When the US Federal Reserve announced late on Wednesday that Fed rates would be cut by 25 basis points, there was a sense of disappointment. Global markets were expecting the Fed to take an aggressive stance and cut the rates by 50bps to give a clear signal that the US was committed to be the engine of global growth. Also, the CME Fedwatch Tool, which captures the probability of rate cut, had assigned a 50% probability to a 50bps rate cut. First, let us look at the logic of the rate cut as calibrated in the FOMC (Federal Open Market Committee) statement.
What the FOMC actually said
The statement put out by the FOMC late on July 31st
clearly underlines that this 25bps rate cut should not be construed as the beginning of a trend. While the Fed rate was cut from the range of 2.25-2.50% to 2.00-2.25%, the FOMC statement has clarified that future rate action will be determined by data flows. The rate cut was driven by the need to give a boost to growth and lower the cost of funds in the US as an antidote to the higher tariffs on imports. Inflation has remained around the 2% mark and that has given the confidence to the Fed to cut rates. In addition, the Fed has also committed to conclude its security reduction program two months earlier; in what could be a clear indication that it wants to keep liquidity comfortable.

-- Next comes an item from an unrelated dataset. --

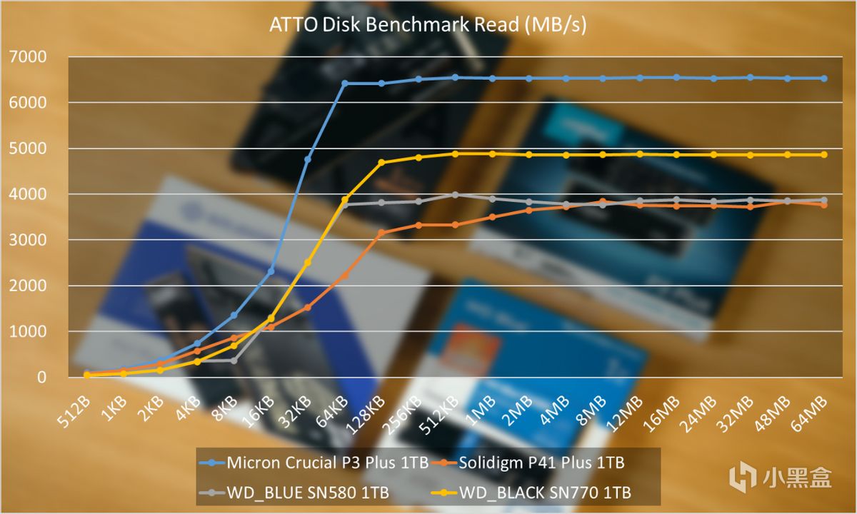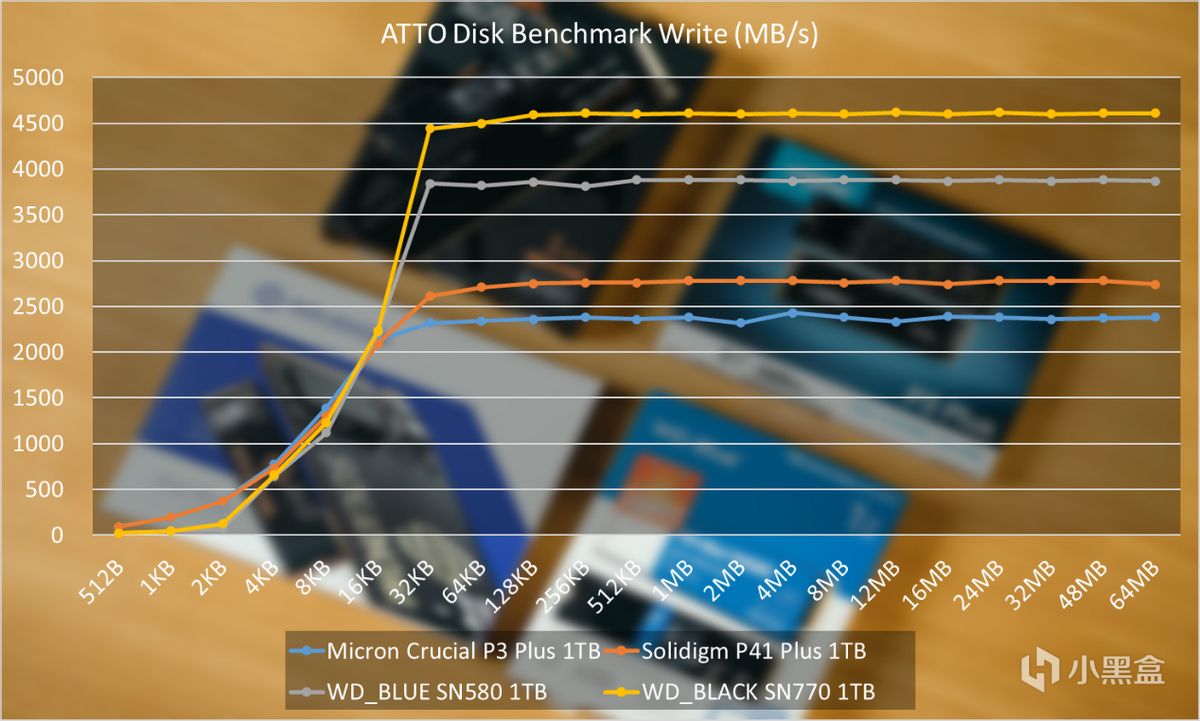 ATTO Disk Benchmark通过模拟不同大小的数据传输来测量磁盘的读写速度,考量不同文件体积下各家固态硬盘的传输表现。这里的写入与读取成了两个鲜明的对比,在写入测试中,WD_BLACK SN770表现更为突出,其次是SN550,但在写入中,Crucial P3 Plus表现更明显,此次是WD_BLACK SN770、WD_BLUE SN580、Solidigm P41 Plus。
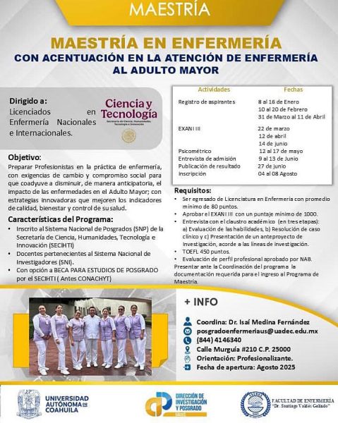 Para más información comunicarse con el coordinador de la Maestría, el Dr. Isaí Median Fernández en el correo electrónico posgradoenfermeriaus@uadec.edu.mx, vía telefónica al (844) 414 63 40 o acudir a las instalaciones de la Facultad ubicada en Calzada Francisco I. Madero #1237 en la Zona Centro de Saltillo.

How will this move by the Fed impact Indian markets?
Let us look at the bond markets first. 10-year bond yields in India and the US have been on a downtrend over the last one year. Indian bonds yields had touched a high of 8.3% before giving up nearly 200bps from that point. Similarly US yields had gotten closer to 3% last year before falling below 2% in July 2019 on dovish expectations. But what is more interesting is that the days of Indian bond yields decoupling from US yields is long gone. If you look at the bond yields over the last five years, Indian bonds yields and the US bond yields have almost followed a similar direction.
While the US bond yields have been a lot more volatile than the Indian bond yields, as depicted in the above chart, the broad direction of the yields over the last five years has been absolutely synchronized. Indian monetary policy has come a long way since the diffidence of 2008 when the RBI was not too sure whether aggressive rate cuts would help India’s case. Monetary divergence is no longer an option for India as it directly impacts the flow of FPI capital into Indian markets. If the last five years is any indication, then Indian bond yields are also likely to be headed lower. While the RBI stance is yet to be seen in the August policy, the broad market expectation is of a 25bps rate cut (if not an aggressive 50bps rate cut).
What does the rate cut mean for Indian equity markets?
How does the Fed rate cut impact equity markets? There are a variety of ways but here are a few important ones.
Rate cuts reduce the cost of capital used to discount future cash flows of companies. This enhances valuation of companies.
Falling yields reduces the cost of funds for borrowers and brings down the interest burden on companies. This is also positive for equities.
There is a counter side to the rate cut argument. Markets tend to interpret a rate cut as an admission of an economic slowdown. That possibly explains why the Fed was a lot more cautious about the quantum of rate cut. A 50bps rate cut may have been seen as a sign of desperation on part of the Fed to boost growth. From that perspective, a 25bps rate cut was well thought through.
How can Indian markets interpret the future trajectory of rates?
The future trajectory of rates would depend on a number of factors including wages, growth, consumer spending and inflation. However, there is an interesting trend in the Fed rate action over the last 20 years.
In the last 20 years there have been 3 occasions when the Fed had undertaken a series of rate hikes starting in 1998, 2004 and then in 2015. Each of these series of rate hikes were followed by rate cuts that were much larger in size and intensity. The first round of rate hike was reversed post 9/11 in 2001, while the second round of rate hikes was reversed post the Lehman collapse in 2008. Extrapolating that trend to 2019 would be hard but interesting, nevertheless. Whether the rate cut on July 31st
was one-off or the beginning of a reversal is still not clear. Remember, Indian markets have offered great bargains in the past when US Fed rates have reversed. It may still be too early to conclude that!